If the only force that acts on a bead as it is leaving the glass is the tension in the chain
produced by gravity, the chain should only rise to the height of the rim of the glass. For the
chain to rise a significant distance above the rim of the glass, some force other than this
tension must act on the beads.
The first explanation for what the additional force on the beads might be was that a group of
consecutive beads would act like a thin rod. When the bead at the end of the rod was pulled
upward, the rod would rotate, pushing downward on the surface below the opposite end of the
rod to the end being pulled upward.
This explanation has however been shown to be incorrect. A chain made up of actual rods
rather than of spheres will produce a fountain in this way, but a chain of spheres will only
do so if the chain is resting on an uneven surface. The shape of an uneven surface that a
chain of spheres must initially rest on for it to produce a fountain includes the kinds of
shapes that would naturally exist at the top of a glass containing a chain of spheres that was
placed into a glass in an uncontrolled way that allowed the chain to become tangled.

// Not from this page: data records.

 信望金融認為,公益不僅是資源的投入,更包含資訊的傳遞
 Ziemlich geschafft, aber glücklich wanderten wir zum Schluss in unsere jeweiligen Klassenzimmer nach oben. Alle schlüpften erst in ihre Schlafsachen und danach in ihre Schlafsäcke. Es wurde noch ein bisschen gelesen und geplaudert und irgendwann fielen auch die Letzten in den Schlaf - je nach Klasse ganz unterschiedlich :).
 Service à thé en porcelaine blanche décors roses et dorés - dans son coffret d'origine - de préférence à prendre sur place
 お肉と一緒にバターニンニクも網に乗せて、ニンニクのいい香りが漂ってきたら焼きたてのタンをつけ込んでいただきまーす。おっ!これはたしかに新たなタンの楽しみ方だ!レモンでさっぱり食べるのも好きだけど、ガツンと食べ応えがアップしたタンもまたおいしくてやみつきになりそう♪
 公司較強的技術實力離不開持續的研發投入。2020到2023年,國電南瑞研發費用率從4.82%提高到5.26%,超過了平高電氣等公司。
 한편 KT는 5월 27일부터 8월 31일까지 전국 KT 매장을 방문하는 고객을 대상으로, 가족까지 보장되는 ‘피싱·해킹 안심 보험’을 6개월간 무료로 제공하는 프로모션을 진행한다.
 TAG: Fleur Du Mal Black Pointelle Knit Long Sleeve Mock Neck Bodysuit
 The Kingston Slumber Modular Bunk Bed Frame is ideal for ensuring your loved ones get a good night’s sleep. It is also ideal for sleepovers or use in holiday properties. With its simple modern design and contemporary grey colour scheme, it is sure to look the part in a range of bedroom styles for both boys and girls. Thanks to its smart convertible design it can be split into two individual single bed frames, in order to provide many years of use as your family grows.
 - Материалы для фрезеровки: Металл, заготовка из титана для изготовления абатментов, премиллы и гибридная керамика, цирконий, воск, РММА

Current models and experiments involving chain fountains are not able to explain why an
uneven surface enables a chain of spheres to produce a fountain.
The scientific method for understanding phenomena ideally involves trying to measure the
changes in some variable and comparing them to changes in a different variable that have been
given chosen values, and doing this while, as far as possible, keeping all other variables
constant. For the chain fountain phenomenon, it is not obvious what variables significantly
affect whether a chain does or does not produce a fountain. Are, for example, the following
variables significant?
- The size of the spheres
- The spacing distance between the spheres
- The material from which the spheres are made
- The total length of the chain
- The shape of the chain inside the glass
Each variable could be significant, and each variable could affect other variables. For
example, the shape of the chain inside the glass affects the shape of the surface at the top
of the glass.
Also, each variable could be insignificant alone, but a combination of variables could be
significant; perhaps neither just changing the size of the spheres nor just changing the
spacing distance between the spheres affects whether a fountain is produced, but changing
both the size of the spheres and the spacing distance between them does affect
whether a fountain is produced.
The chain fountain is a good example of how the scientific method needs to be used in subtle
ways to understand some phenomenon; while simple explanations may be incorrect, they might still be
able to help in finding better explanations.